[Zope-dev] make zope.component.registry.Components inherit from dict?

Chris McDonough chrism at plope.com
Tue Nov 24 00:21:06 EST 2009


Matthew Wilkes wrote:
>> In a system like this, there are no interfaces; the string 
>> 'root_factory' performs the same job as the IRootFactory interface for 
>> registration and lookup.  I'd like to make the ZCA registry operate 
>> like this.  There's really no reason for there to be an interface 
>> hanging around to represent this thing: we're using the ZCA as a 
>> complicated dictionary here.
> 
> Right, but I think mixing the two is just going to be confusing.  Your 
> alternative spelling may well be useful, but only if it works within the 
> confines of the ZCA itself, otherwise you're just hijacking the 
> component root for your own (nefarious) purposes.
> 
> A lookup keyed entirely on strings and not interfaces is perfectly 
> possible using the ZCA, just register your utility to provide 
> z.i.Interface and name it.  Your semantics are the same as the simple 
> dictionary use-case, but it doesn't force people to choose one means of 
> access over another.

I don't think I understand.  Could you provide an example?

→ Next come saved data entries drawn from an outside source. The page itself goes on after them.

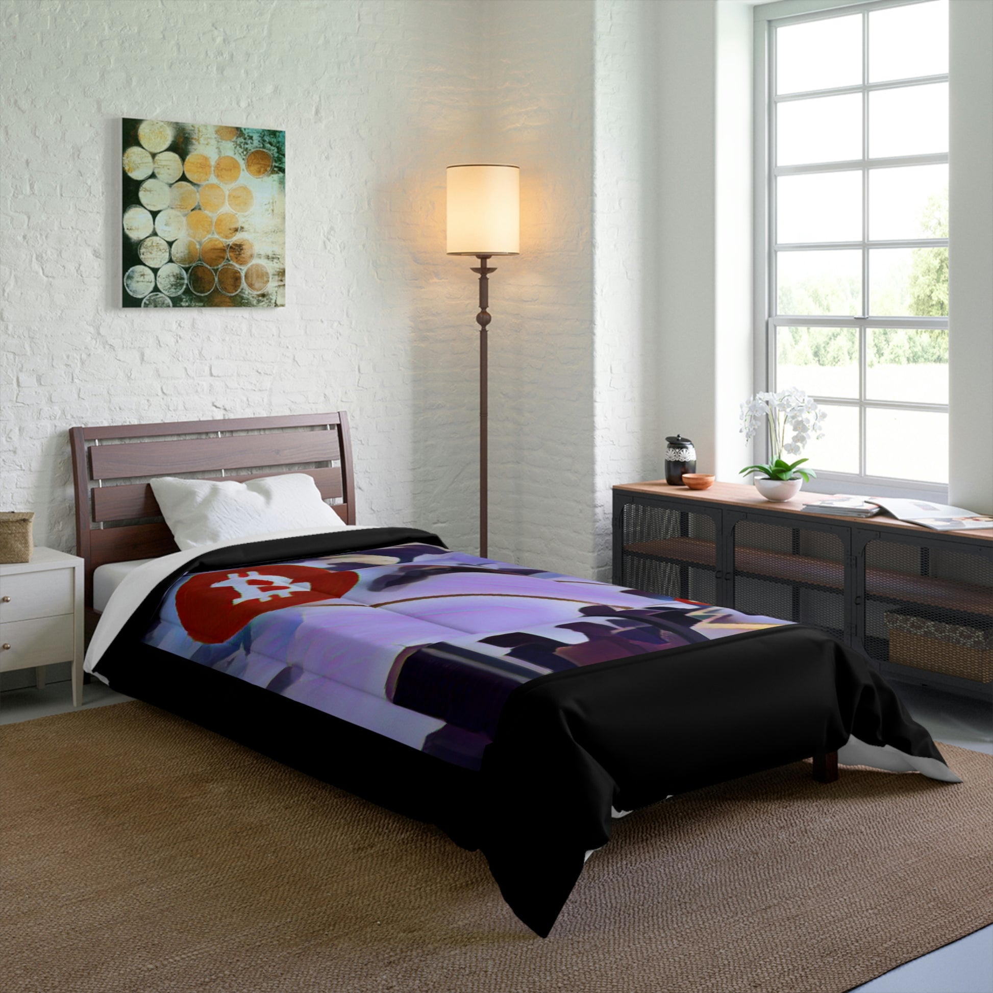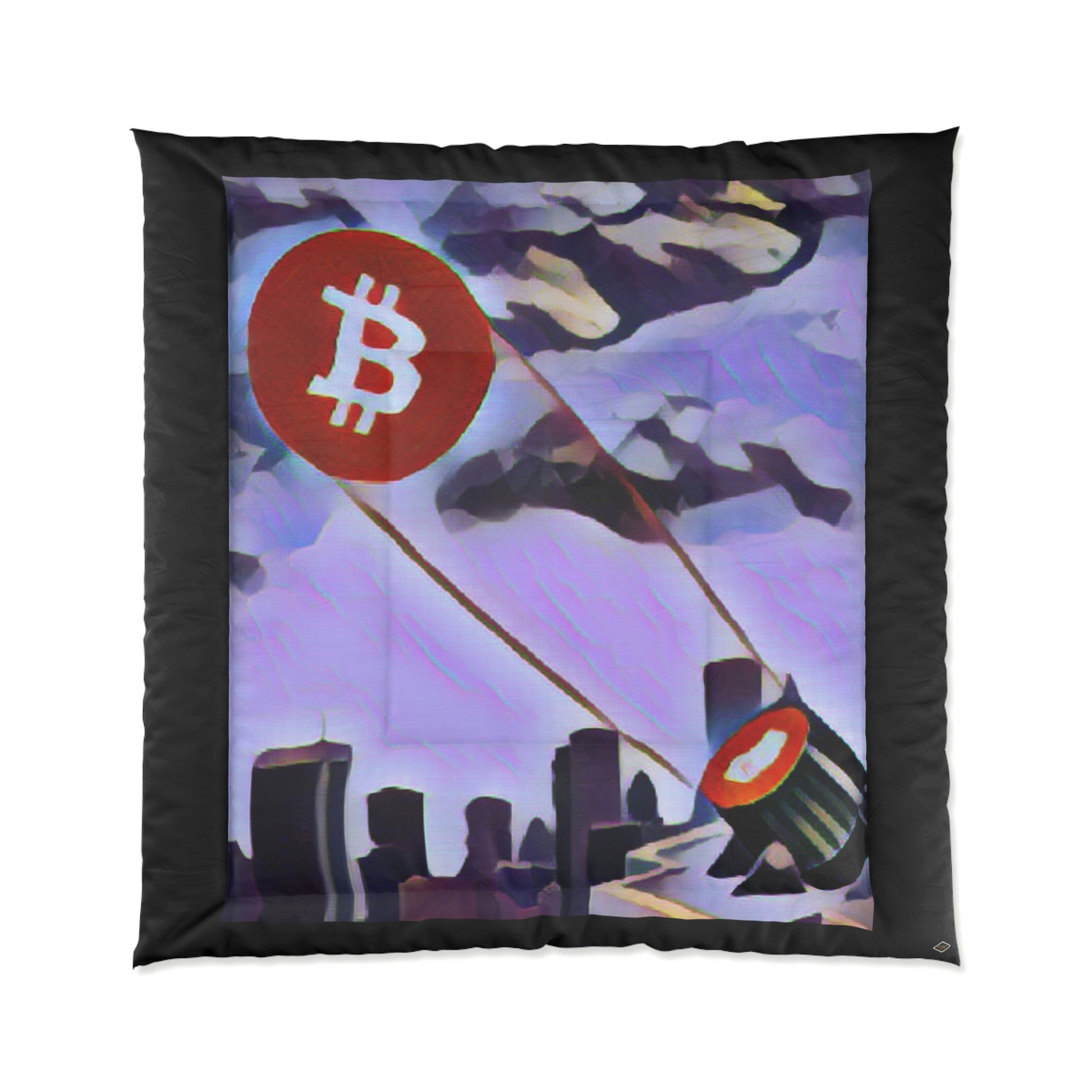 Comfy, fluffy, and warm. Cozy up underneath our snug comforter for a deep and relaxing sleep. This Bitcoin comforter is the perfect solution for cold days in bed with coffee, waiting for the morning light to peak through the window and wake up the house.
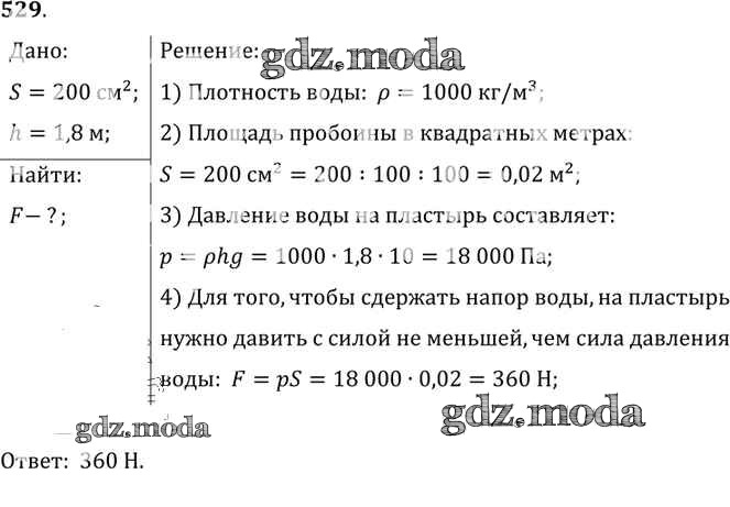 ОТВЕТ на задание № 529 Сборник задач по Физике 7-9 класс Лукашик
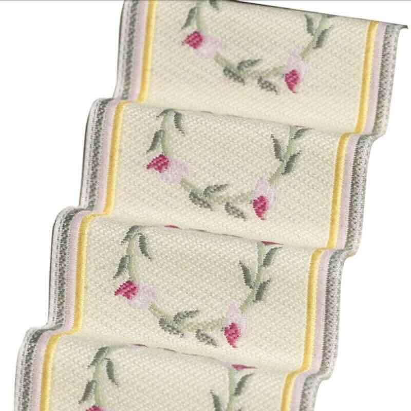 Lång och smal äkta vävd matta i textil med vackra mönster av blomkransar på en cremefärgad botten. Bilden visar en bit av mattan. Mått ca B 5 cm x L 50 cm.

> Creating shim methods for the dict-interface (or a useful subset) could 
> hook in registration, querying and unregistration of utilities in a 
> vaguely sensible way.
> 
> But, here is where the ZCA eyes come back into play, I wouldn't add this 
> to the ZCA itself.  One reason being that Hanno's been working on a more 
> useful persistent component root for Zope that brings in bits of OFS, 
> hooking a dict in there would just be confusing.

I don't really have enough context to understand how it would be confusing, but 
I trust that it would.  Persistent registries are traversable?

> So, if only there was a way of specifying a new set of functions and 
> defining a way of mapping them onto an existing object…
> 
> I'd say make an adapter that adds the dict interface as a wrapper around 
> named utilities and provide that to BFG users.  That way you don't 
> pollute the namespace of the ZCA object, interoperability with other 
> code is maintained and you get your user-friendly interface.

Using a helper wrapper for utility registration here is not useful if it 
requires the developer to understand interfaces, so such wrapper would need to 
look like this:

class UnnamedUtilityWrapper(object):
     def __init__(self, registry):
         self._mappings = {'root_factory':IRootFactory, 'settings':ISettings}
         self.registry = registry

     def __getitem__(self, name):
         return self.registry.getUtility(self._mappings[name])

     def __setitem__(self, name, value):
         return self.registry.registerUtility(value, self._mappings[name])

      ... the remainder of the dictionary interface ...

And that would just be silly from the perspective of someone reading the code 
for the first time.  It would be even more confusing if you came across it than 
would use of the ZCA registerUtility/getUtility APIs.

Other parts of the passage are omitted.